Multivesicular liposome formulations for the sustained delivery of ropivacaine hydrochloride: Preparation, characterization, and pharmacokinetics

, , , &
Pages 361-366 | Received 31 Oct 2010, Accepted 07 Jan 2011, Published online: 23 Mar 2011

Abstract

The aim of the present study was to design a depot delivery system of ropivacaine hydrochloride using multivesicular liposomes (RP-MVLs) to overcome the limitations of conventional therapies and to investigate it’s in vivo effectiveness for sustained delivery. RP-MVLs were prepared by the multiple emulsion method. Appearance, particle size, encapsulation efficiency, zeta potential, and initial stability of RP-MVL were also studied. The in vitro release of RP-MVLs formulations was found to be in a sustained manner. Three batches of RP-MVLs were prepared and the release profile in vitro fitted to a first-order equation. RP-MVLs releasing mechanism was also studied and it was indicated that the drug released from MVLs by diffusion and erosion. Following subcutaneous administration to rats, the time to reach maximum (Tmax) of RP-MVLs formulations was significantly (p < 0.01) later than that of RH solution. The concentrations of RP-MVLs have steadily changed in the low level, which significantly (p < 0.01) lower than RH solution. T1/2 and MRT were significantly prolonged (p < 0.01). Besides, AUC was also increased significantly (p < 0.01). The increase in AUC and decrease in Cmax reflects that the MVL formulations could reduce the toxic complications and limitations of conventional injected formation therapies.

Introduction

Ropivacaine, a new long-acting aminoamide local anesthetic agent, is produced as a pure enantiomer. It is structurally related to bupivacaine with a duration of action almost as long as for bupivacaine. The sensory block provided by ropivacaine is similar to that produced by an equivalent dose of bupivacaine in extradural and peripheral nerve block. The motor block produced by ropivacaine is slower in onset, less intense and shorter in duration than that after an equivalent dose of bupivacaine. Motor block intensifies as the dose of ropivacaine is increased in extradural anaesthesia. This, together with its lower toxicity compared with bupivacaine, enables ropivacaine to be used for surgical anaesthesia in concentrations up to 1%. The profile of block with low doses of ropivacaine in terms of its greater sensory-motor separation and higher clearance than bupivacaine make it suitable for use (CitationMcClure, 1996). Preparations of ropivacaine are all injections (e.g., Naropin®). It is needed to give repeated multiple doses to maintain the efficacy, for the short action time after a single dose. Therefore, there may be clinical demand for a longer duration of surgical analgesia after the administration. The present study was about a sustainable release preparation of ropivacaine.

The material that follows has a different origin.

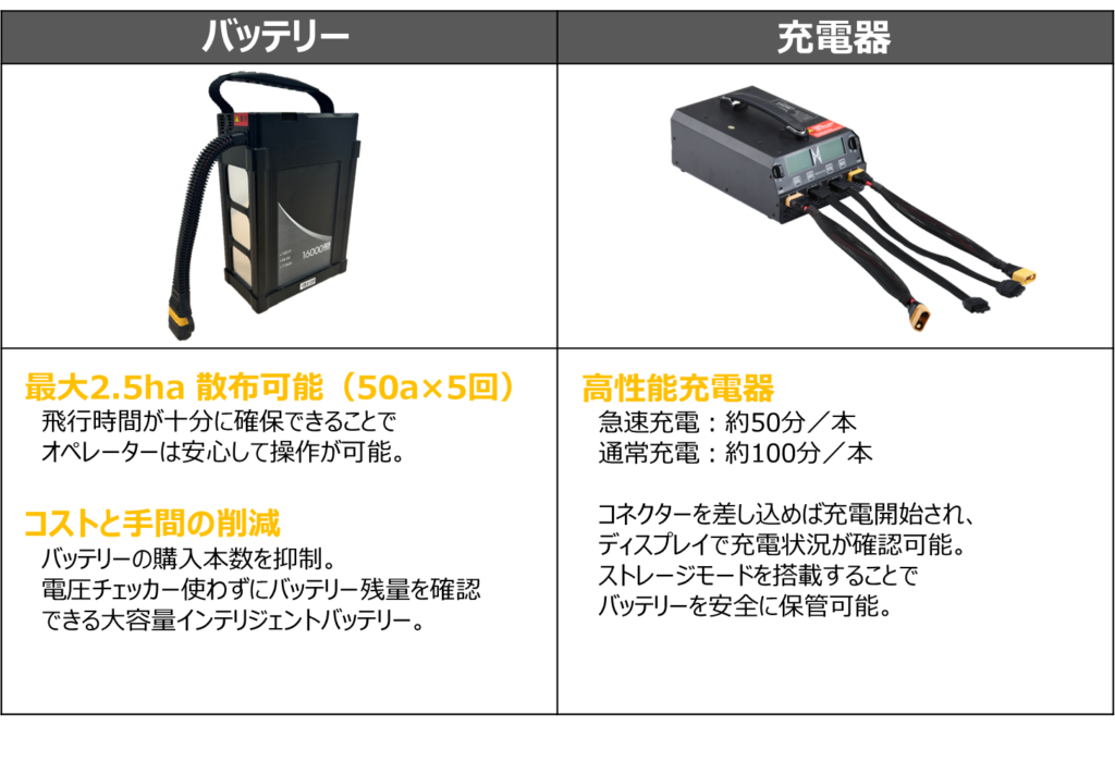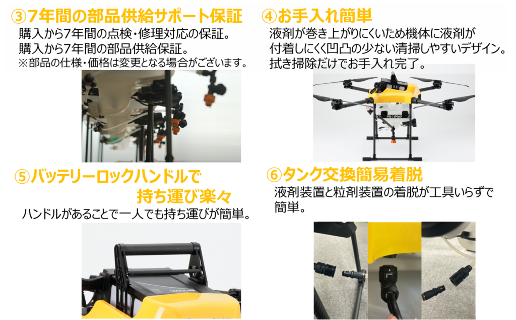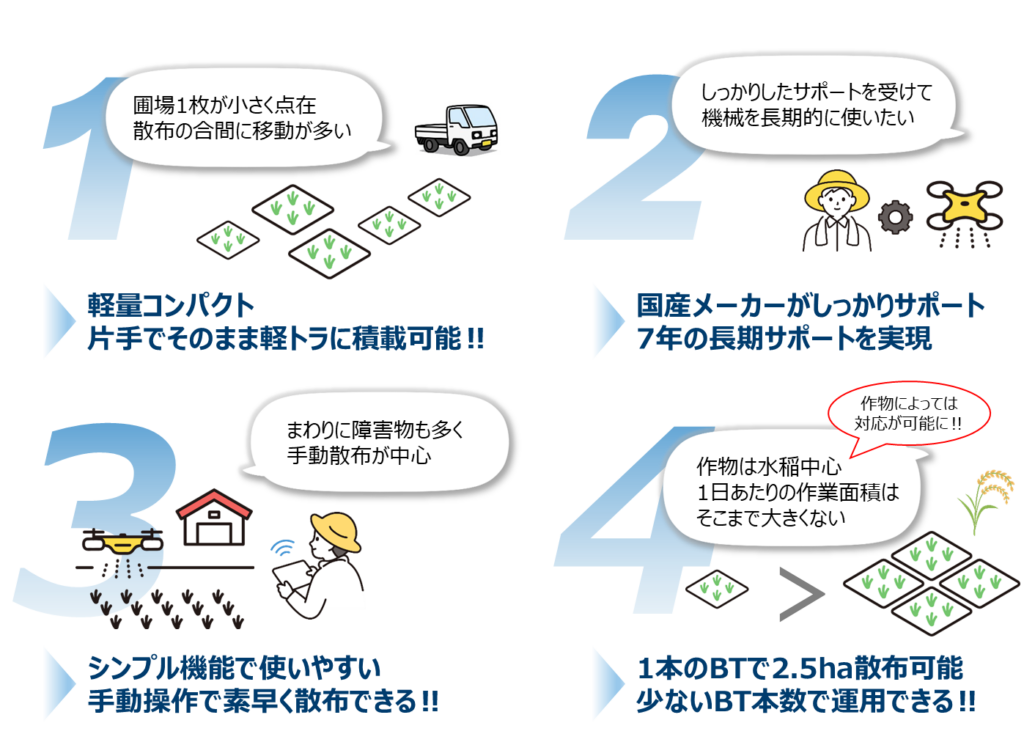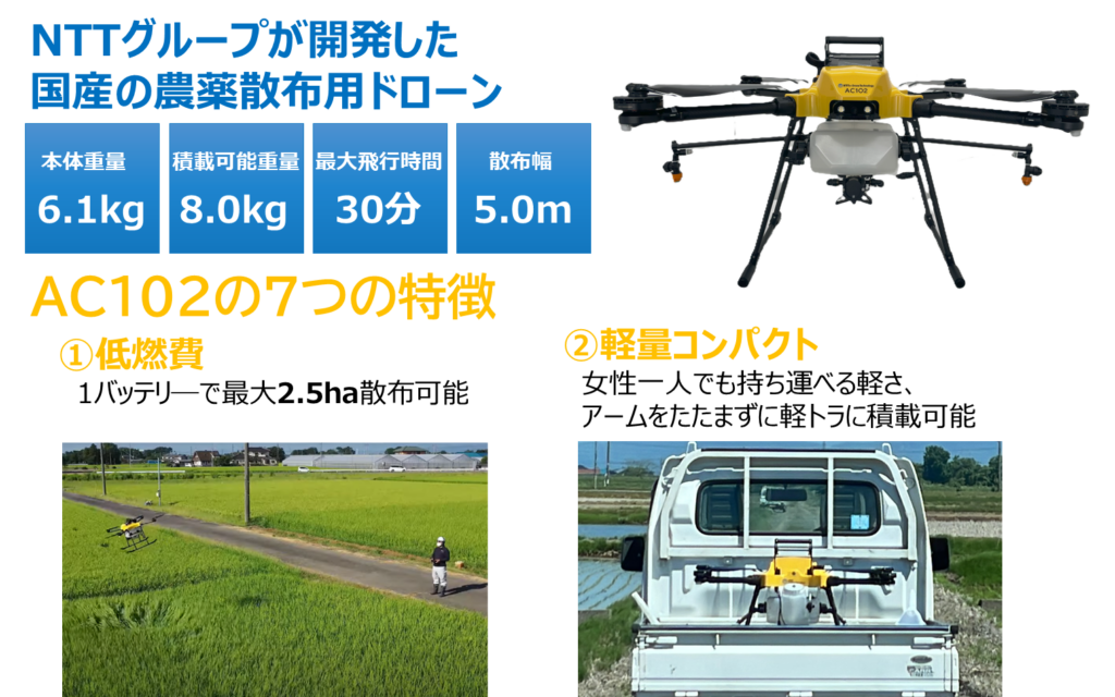 農業用ドローンAC102は、NTTグループが開発した『国産』農業用ドローンです。『軽量・コンパクト・低燃費』をコンセプトとして設計されており、女性1人でも持ち運べることができます。また、軽量でできているため燃費も良く、購入するバッテリー本数も少なくて済むため経済的です。

Multivesicular liposomes (MVL) were first prepared by CitationKim et al. (1983). They are a new kind of liposome prepared by Depofoam technology (DepoFoam). MVL are distinct from unilamellar and multilamellar liposomes by the characteristic structure and composition of MVL. MVL are governed by general topological constraints in analogy to gas–liquid foams, simple liquids, and metallic glasses (CitationMantripragada, 2002). Also, neutral oil, as the essential component, became part of corners or edges where membranes meet each other, thus stabilizing membrane boundaries analogous to planar black lipid membranes that also require a neutral lipid. Only breaches in the outermost membranes of an MVL result in release of encapsulated drug to the external medium, and release of drug from the internal vesicles results in a redistribution of drug inside the particle instead of drug release from the particle (CitationKim et al., 1996; CitationSpector & Zasadzinski, 1996; CitationKatre et al., 1998; CitationLangston et al., 2003; CitationJain et al., 2005). The interconnected network of the multi-vesiculated structure also ensures that the vesicles can rearrange themselves internally without release of drug by internal fusion and division. Therefore, the non-concentric nature of the arrangement of lipid layers confers an increased level of stability and longer duration of drug release (CitationMantripragada, 2002; CitationDavidson et al., 2010; CitationHe et al., 2010; CitationZhao et al., 2010).

In this study, MVL formulations of ropivacaine hydrochloride (RP-MVL) for its sustained delivery were prepared. In vitro release behavior and in vivo pharmacokinetics characteristics of RP-MVL following subcutaneous injection to rats were investigated and compared with those of RP-solution.

Materials and methods

Materials and equipments

Ropivacaine Hydrochloride (Shandong Keyuan Pharmaceutical Company, Lot 0605004); Egg phospholipid (PC, Lipoid Company of Germany); Triolein (TO, Shanghai Chemicals); cholesterin (CH); L-lysine (Shanghai Huixing Biochemical Reagents); and Male Sprague–Dawley rats (190–210 g) were purchased from Qinglongshan Experimental Animal Center (Nanjing, China); FM200 high shear dispersing emulsifier (FLUKO, Shanghai, China); Mastersizer particle size analyzers (Malvern, 2000); Zetasizer 3000HS Laser Diffraction Particle Size Analyzer (Malvern); pH meter (Leici Instrument of Shanghai); and Olympus (BH-2) microscope (Olympus Optical Co., Tokyo, Japan).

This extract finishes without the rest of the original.